Work instruction » Take the entries below and reproduce exactly the portion that begins at the line containing "松针是一种异形树叶,和普通的" and ends at the line containing "2018年7月20日星期五,重庆邮电大学", keeping both ends, dropping pictures, and adding nothing else.

Records from a collection
● ● ●
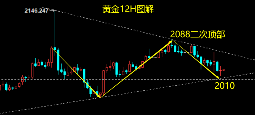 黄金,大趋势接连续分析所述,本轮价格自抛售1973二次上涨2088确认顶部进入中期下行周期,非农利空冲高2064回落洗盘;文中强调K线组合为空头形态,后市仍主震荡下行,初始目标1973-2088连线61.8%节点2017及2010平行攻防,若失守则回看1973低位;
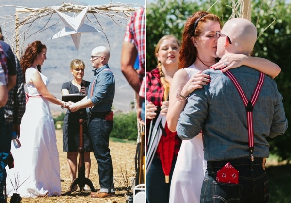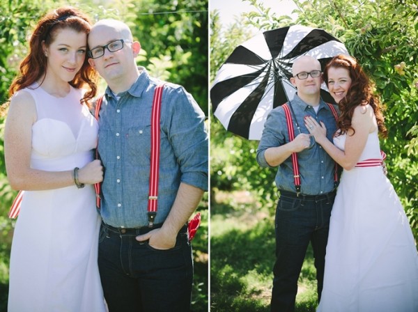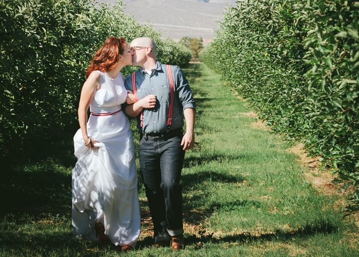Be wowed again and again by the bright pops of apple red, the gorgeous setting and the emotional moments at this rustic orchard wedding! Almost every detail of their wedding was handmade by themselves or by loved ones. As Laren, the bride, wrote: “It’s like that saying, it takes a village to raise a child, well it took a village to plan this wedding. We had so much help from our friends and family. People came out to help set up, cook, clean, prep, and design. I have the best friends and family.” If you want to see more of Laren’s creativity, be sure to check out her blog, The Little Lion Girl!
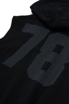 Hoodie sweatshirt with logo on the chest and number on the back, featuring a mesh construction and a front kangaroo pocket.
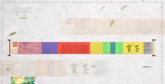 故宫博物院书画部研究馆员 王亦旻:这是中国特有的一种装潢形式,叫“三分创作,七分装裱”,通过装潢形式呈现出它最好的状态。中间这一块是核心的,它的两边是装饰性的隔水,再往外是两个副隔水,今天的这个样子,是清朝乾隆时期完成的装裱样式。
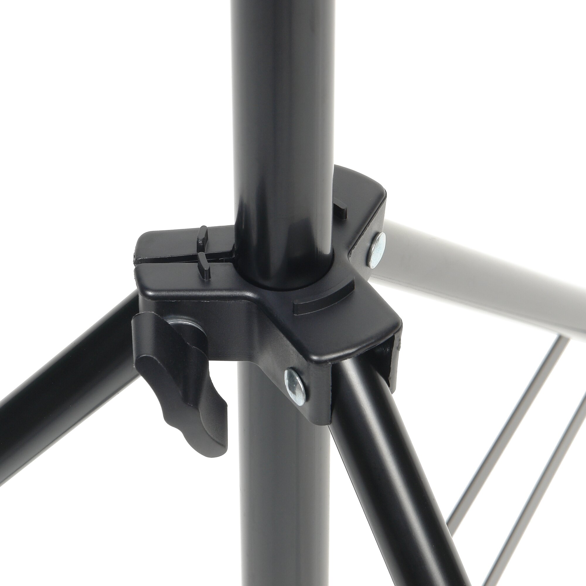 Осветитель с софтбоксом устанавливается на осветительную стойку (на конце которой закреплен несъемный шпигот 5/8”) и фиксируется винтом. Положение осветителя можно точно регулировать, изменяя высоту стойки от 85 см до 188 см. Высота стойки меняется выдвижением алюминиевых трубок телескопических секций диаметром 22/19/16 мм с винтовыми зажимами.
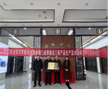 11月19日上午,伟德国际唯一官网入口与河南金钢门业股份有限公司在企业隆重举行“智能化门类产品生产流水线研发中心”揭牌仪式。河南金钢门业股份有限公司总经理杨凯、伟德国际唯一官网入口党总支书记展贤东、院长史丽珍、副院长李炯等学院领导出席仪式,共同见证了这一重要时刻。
● ● ●
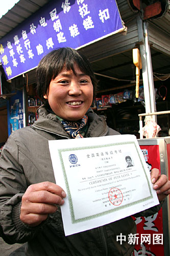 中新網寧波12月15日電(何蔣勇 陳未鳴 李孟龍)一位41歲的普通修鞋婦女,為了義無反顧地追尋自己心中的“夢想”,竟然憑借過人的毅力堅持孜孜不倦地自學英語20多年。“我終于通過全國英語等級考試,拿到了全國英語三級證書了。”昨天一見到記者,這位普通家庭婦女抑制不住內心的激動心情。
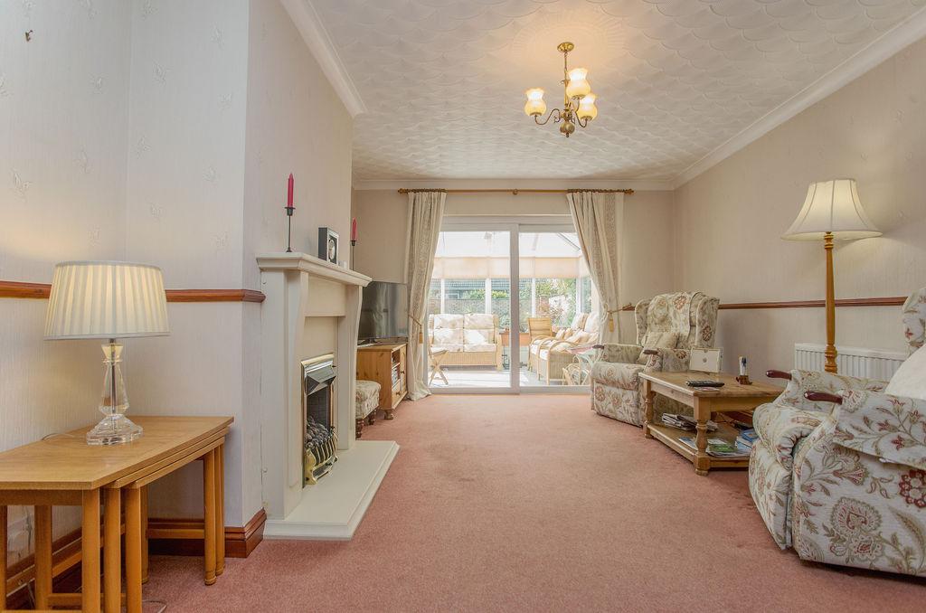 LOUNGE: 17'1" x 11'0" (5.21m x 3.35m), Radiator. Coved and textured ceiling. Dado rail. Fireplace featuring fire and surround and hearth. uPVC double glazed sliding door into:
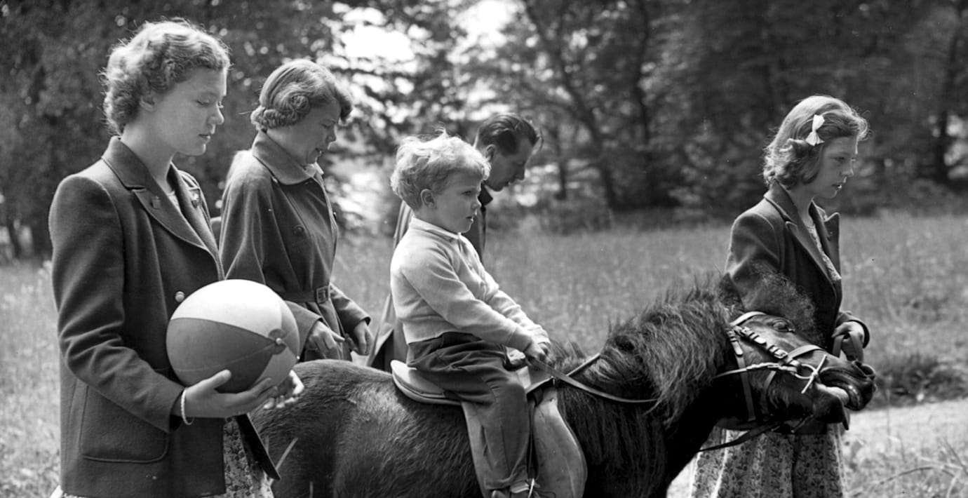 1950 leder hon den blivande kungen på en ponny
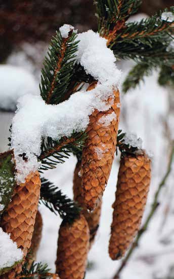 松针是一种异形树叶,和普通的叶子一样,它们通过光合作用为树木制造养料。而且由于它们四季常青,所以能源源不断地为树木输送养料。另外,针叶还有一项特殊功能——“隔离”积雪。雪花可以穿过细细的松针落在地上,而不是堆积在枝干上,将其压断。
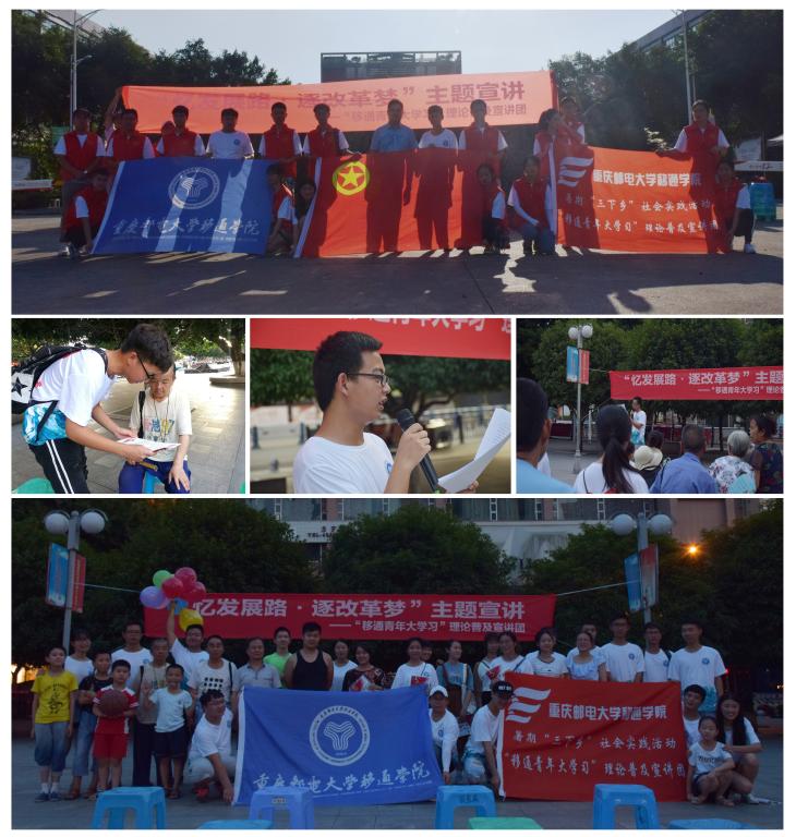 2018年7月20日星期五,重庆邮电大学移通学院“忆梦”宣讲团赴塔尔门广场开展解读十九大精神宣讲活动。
● ● ●
Output of the exercise »
 松针是一种异形树叶,和普通的叶子一样,它们通过光合作用为树木制造养料。而且由于它们四季常青,所以能源源不断地为树木输送养料。另外,针叶还有一项特殊功能——“隔离”积雪。雪花可以穿过细细的松针落在地上,而不是堆积在枝干上,将其压断。
 2018年7月20日星期五,重庆邮电大学移通学院“忆梦”宣讲团赴塔尔门广场开展解读十九大精神宣讲活动。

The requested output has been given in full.